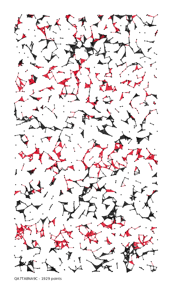During PythonBrasil[14] at Natal, Rio Grande do Norte, Brazil, I've created a visual project using the participant's badges. Each badge had a 10 chars identification token and, using this token as an input to control the sketch randomness, I've generated one single image per badge.
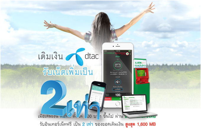 เมื่อเติมเงิน "ดีแทค" ตั้งแต่ 100 บาทขึ้นไป ผ่าน "ธนาคารกสิกรไทย" รับอินเทอร์เน็ตฟรี เป็น 2 เท่า ของยอดเติมเงินสูงสุด 1,600 MB
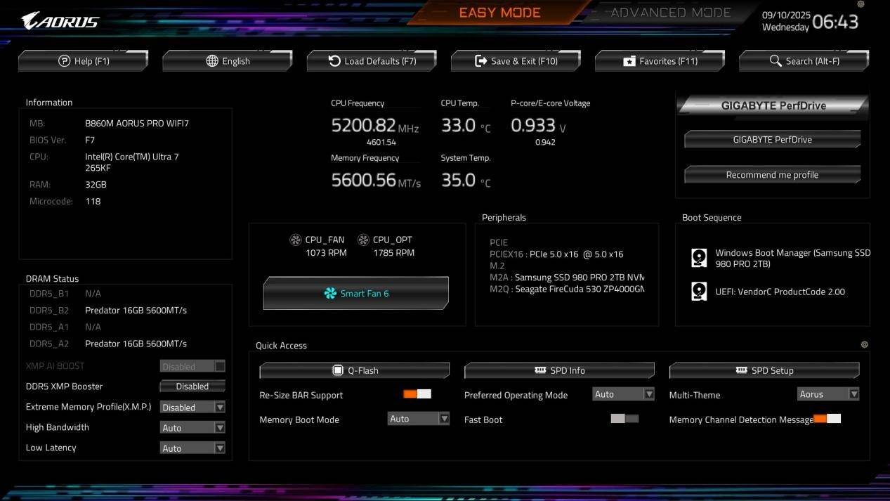 进入技嘉B860M电竞雕主板BIOS,并利用U盘刷新到最新版本的F7,以确保主板对新硬件的兼容性与性能调校达到最佳状态。BIOS界面延续技嘉一贯的简洁逻辑设计,易用性与功能性兼具。
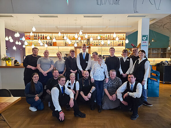 Maik Hofmann-Adamski ist seit November 2020 im Bereich Service im BlauHaus tätig. Man spürt seine "Liebe zum Beruf" sofort, wenn er Gäste im Restaurant herzlich begrüßt. 13 Jahre hat er in Österreich gearbeitet und ist dann in die Heimat Herzberg zurückgekehrt. Er ist für das Serviceteam zuständig und koordiniert hier auch die Aufgaben für die Werkstattbeschäftigten im Team.
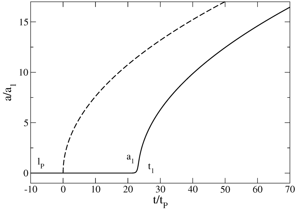 The timescale of the exponential growth is the Planck time . We have defined the “original” time such that is equal to the Planck length . Mathematically speaking, the universe exists at any time in the past ( and for ), so there is no primordial singularity (Big Bang). However, when , we cannot ignore the quantum fluctuations associated with the spacetime. In that case, we cannot use the classical Einstein equations anymore and a theory of quantum gravity is required. It is not known whether quantum gravity will remove, or not, the primordial singularity. Therefore, we cannot extrapolate the solution in Equation (24) to the infinite past. However, this solution may provide a semi-classical description of the phase of early inflation when .
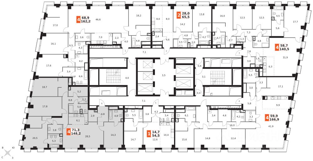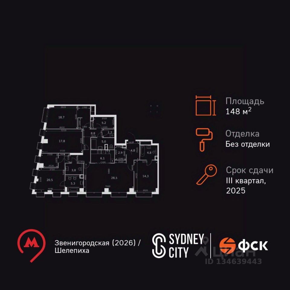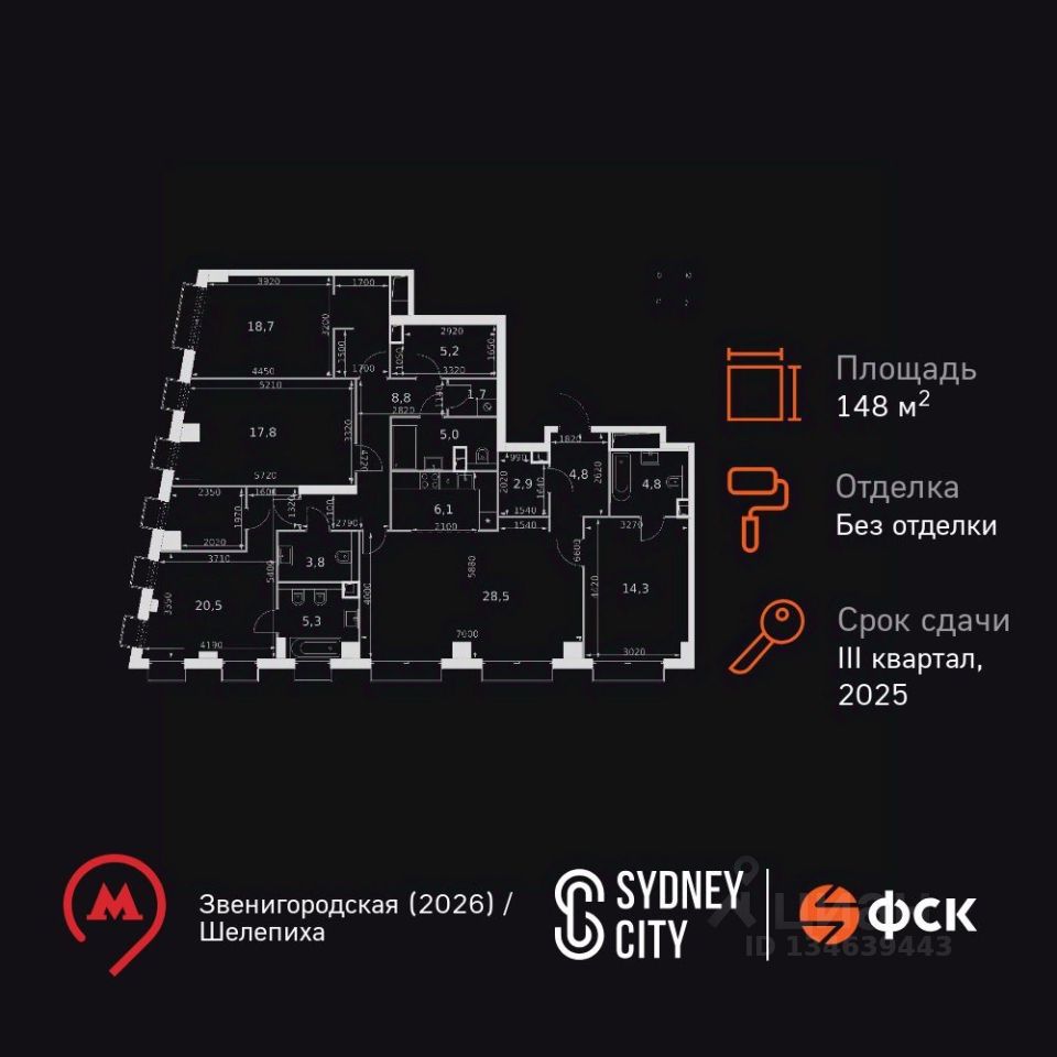 Продаётся 5-к квартира номер 680 общей площадью 148.2 кв.м. на 43-м этаже 43 этажного здания. Без отделки. Цена с учётом скидки.

- **Activity**
Return the entries verbatim, pictures excluded.

- **Task answer**
During PythonBrasil[14] at Natal, Rio Grande do Norte, Brazil, I've created a visual project using the participant's badges. Each badge had a 10 chars identification token and, using this token as an input to control the sketch randomness, I've generated one single image per badge.
 เมื่อเติมเงิน "ดีแทค" ตั้งแต่ 100 บาทขึ้นไป ผ่าน "ธนาคารกสิกรไทย" รับอินเทอร์เน็ตฟรี เป็น 2 เท่า ของยอดเติมเงินสูงสุด 1,600 MB
 进入技嘉B860M电竞雕主板BIOS,并利用U盘刷新到最新版本的F7,以确保主板对新硬件的兼容性与性能调校达到最佳状态。BIOS界面延续技嘉一贯的简洁逻辑设计,易用性与功能性兼具。
 Maik Hofmann-Adamski ist seit November 2020 im Bereich Service im BlauHaus tätig. Man spürt seine "Liebe zum Beruf" sofort, wenn er Gäste im Restaurant herzlich begrüßt. 13 Jahre hat er in Österreich gearbeitet und ist dann in die Heimat Herzberg zurückgekehrt. Er ist für das Serviceteam zuständig und koordiniert hier auch die Aufgaben für die Werkstattbeschäftigten im Team.
 The timescale of the exponential growth is the Planck time . We have defined the “original” time such that is equal to the Planck length . Mathematically speaking, the universe exists at any time in the past ( and for ), so there is no primordial singularity (Big Bang). However, when , we cannot ignore the quantum fluctuations associated with the spacetime. In that case, we cannot use the classical Einstein equations anymore and a theory of quantum gravity is required. It is not known whether quantum gravity will remove, or not, the primordial singularity. Therefore, we cannot extrapolate the solution in Equation (24) to the infinite past. However, this solution may provide a semi-classical description of the phase of early inflation when .
 Продаётся 5-к квартира номер 680 общей площадью 148.2 кв.м. на 43-м этаже 43 этажного здания. Без отделки. Цена с учётом скидки.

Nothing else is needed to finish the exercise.